DEV Community


Posted on

How to run stateful AWS Lambda functions in any language using custom runtimes

An illustrated explanation of how Lambda environment works

AWS Lambda used to be limited to a handful of supported languages. Now almost any programming language can be supported through a custom runtime. This article gives an overview of how those custom runtimes work and how they can be used to bypass some Lambda limitations.

What is Lambda Runtime?

Lambda functions run in a sandboxed environment called execution context. It has resources specified in the function description, such as memory, timeout or the type of the runtime. The runtime is a Linux executable that conforms to a certain specification and serves as a wrapper to run the handler function within the execution context.

For example, C# handler code is packaged into a Zip file as compiled assemblies with their dependencies and proj.runtimeconfig.json that tells the .NetCore runtime what is in the package and how to run it. That .NetCore runtime is provided by AWS and already resides inside the Lambda sandbox when you upload your package.


Rust code, on the other hand, is compiled into a single executable file named bootstrap and is uploaded to a Lambda function with no runtime.

In both cases, Lambda will call a file called bootstrap when it wants to invoke the function. The difference between the two is that the .NetCore bootstrap is provided by AWS and the Rust bootstrap is provided by the user.

Function handler invocation

The Lambda execution environment has several environmental variables that tell the runtime about the Lambda API and the environment constraints:


From there, the runtime does whatever initialization it needs to do and starts talking to Lambda API endpoints via HTTP.


The first API call for the runtime is to ask for next invocation.

The web client inside the runtime sends an HTTP GET request to http://${AWS_LAMBDA_RUNTIME_API}/2018-06-01/runtime/invocation/next and waits for a response. It waits, and waits and waits, until it either times out or the API responds with event details when something invokes that function. If the request does time out the runtime should resend it in an infinite loop.


When the next invocation response does arrive it is up to the runtime to do something with the event details it contains. Most runtimes pass them to a handler function, but if you control the runtime you can do all the work inside the runtime itself.

If there is a response to be sent back to the caller of the Lambda function, the runtime puts the payload inside an HTTP Post, adds some headers and sends it all to a special response endpoint of the Lambda API: http://${AWS_LAMBDA_RUNTIME_API}/2018-06-01/runtime/invocation/$REQUEST_ID/response. The API responds with HTTP/202 and {"status":"OK"} in the body, and forwards the payload back to the caller.

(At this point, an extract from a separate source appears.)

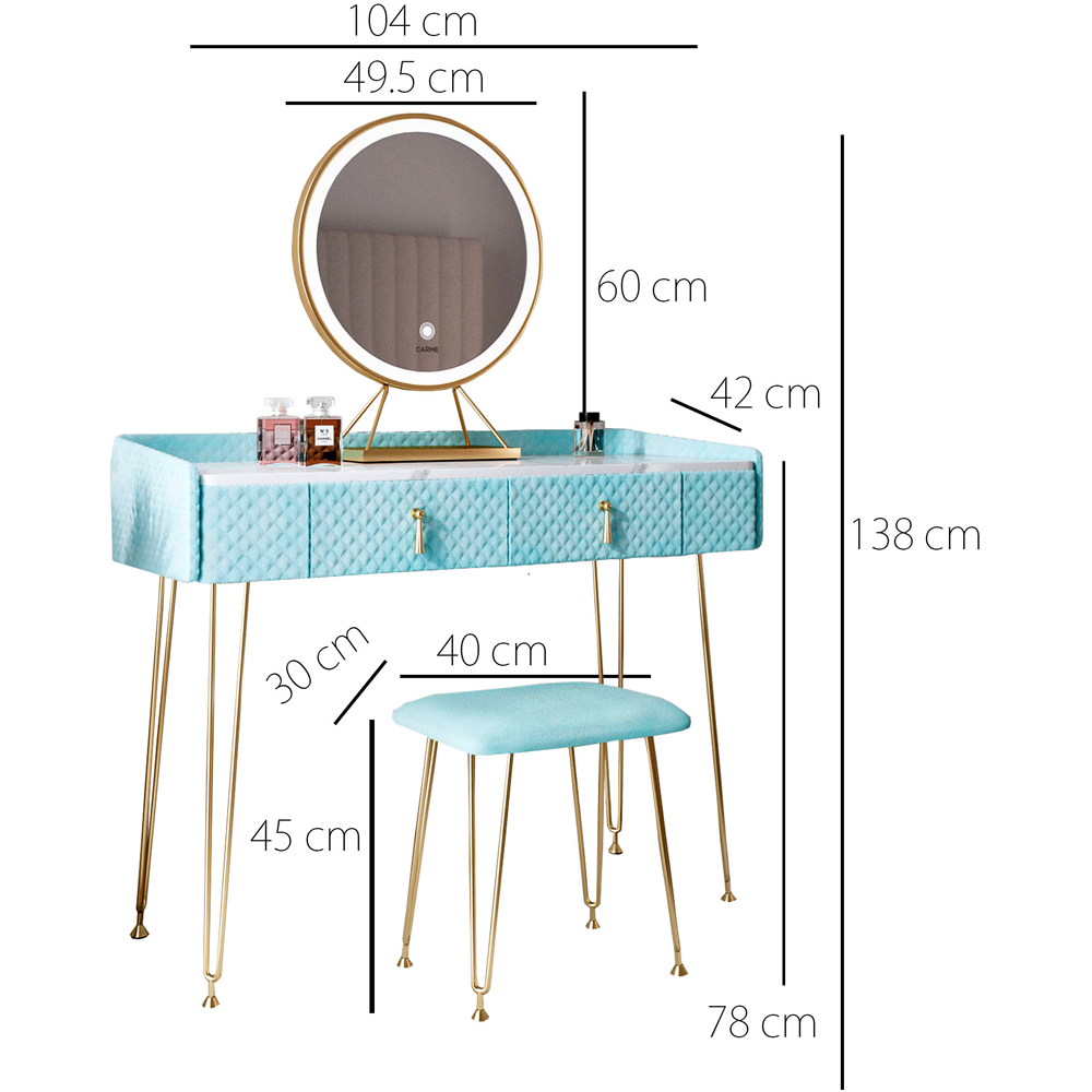 This Baby Blue Makeup Vanity Dressing Table features an upholstered velvet finish and includes 2 storage drawers, a matching padded stool, and an LED touch desktop mirror. The touch sensor circular mirror is illuminated with LED light, offering three dimmable colour settings: warm, day, and cool. The dressing tables have a quilted diamond velvet finish and a white marble effect tabletop, with 2 spacious lined drawers. They are supported by silver hairpin legs with adjustable feet. Each set includes a matching round velvet stool. The dimensions are L104 x D42 x H138cm, with the dressing table weighing 23.6kg, the stool 3.4kg, and the mirror 3.5 kg.

If the runtime or the handler function failed during the invocation, the runtime is expected to report the error to a different endpoint: http://${AWS_LAMBDA_RUNTIME_API}/2018-06-01/runtime/invocation/$REQUEST_ID/error.

Then the runtime restarts the process by calling next invocation API again.


Custom runtimes on GitHub

The most popular custom runtime is for Rust. I am a user and a contributor to that project and can assure you that it works just fine. GitHub has a good choice of other custom runtimes:

If your language of choice has no Lambda runtime yet, you can follow this tutorial and the examples above to build one yourself.

Faster invocations and stateful Lambdas

Lambda functions are stateless by definition. You provide a handler function, it is being invoked by the runtime as one instance or 100 instances at the same time. It is great for scalability, but it doesn't work well for use cases with heavy initialization. Think of functions with large dependencies or obtaining DB connections. Those can be persisted on the local drive, but what if you want to keep them loaded in memory?

Timelapse video example

I worked on a project where a photo was uploaded to S3 every 1 second and had to be added at the end of a timelapse video stored in S3. We tried to use FFMPEG with C# in a Lambda function, but it was too slow because a lot of data had to be persisted on the disk between the calls and there was no way to keep it in memory using a standard .NetCore runtime. The cost/benefit of using Lambdas was not there and we ended up running an EC2 instance for that.

A custom runtime could have solved the problem by downloading the video, storing the end portion of it in memory and flushing encoded chunks only once every few frames, as long as it was within the lifetime of a single Lambda instance.


There may be many other examples where persisting large amounts of data or serialized objects on disk would be inefficient, so maintaining state between invocations is a make-or-break feature there.

Being "stateful" goes against the grain of Lambda ideology, but who cares about that if it solves your problem?

I am curious about the nature of the sandbox environment used by AWS for Lambdas. Please, share in the comments if you know what it is.

Top comments (1)

rimutaka profile image
Max • Edited

Unanswered questions:

  1. Do lambdas get charged for CPU time or for CPU time between invocations? Is it possible to get free CPU time in between?
  2. What is the degree of parallelism (number of cores) available to the runtime?
  3. How does cost of Lambda compare to the cost of EC2 per unit of computation?